Option Premium
1. Definition
The Option Premium is the current market price of an option contract. * It is the income received by the seller (writer) and the cost paid by the buyer.
2. The Formula
The premium is the sum of two components:
$$Premium = Intrinsic\ Value + Extrinsic\ Value\ (Time\ Value)$$
2.1. Intrinsic Value
- The tangible value of the option if it were exercised today.
- Call Option: $Current\ Price - Strike\ Price$ (if positive).
- Put Option: $Strike\ Price - Current\ Price$ (if positive).
- If the option is OTM (Out-of-the-Money), Intrinsic Value is Zero.
2.2. Extrinsic Value (Time Value)
- The premium amount over and above the intrinsic value.

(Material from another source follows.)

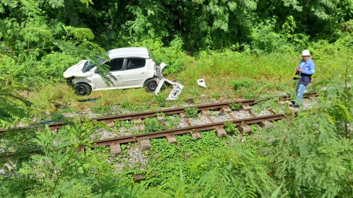 Um acidente foi registrado na manhã desta sexta-feira (16) no bairro Ilha do Bispo, em João Pessoa. Um motorista perdeu o controle do carro, que caiu sobre a linha do trem, provocando susto e curiosidade entre as pessoas que passavam pelo local.

- It represents the "risk premium" or the probability that the option will increase in value before expiration.
- Drivers: Time to expiration (Theta) and Implied Volatility (Vega).
- Decay: Extrinsic value wastes away as expiration approaches, eventually hitting zero at expiration.
3. Example
- Scenario: Stock at \$50. You buy a \$45 Call for \$7.
- Breakdown:
- Intrinsic Value: \$5 (\$50 - \$45). This is real profit.
- Extrinsic Value: \$2 (\$7 Premium - \$5 Intrinsic). This is the price you pay for the remaining time and potential upside.
4. Key Takeaway
- OTM (Out-of-the-Money) options consist 100% of Extrinsic Value.
- This is why buying OTM options is risky: if the stock doesn't move significantly, the entire premium evaporates due to time decay.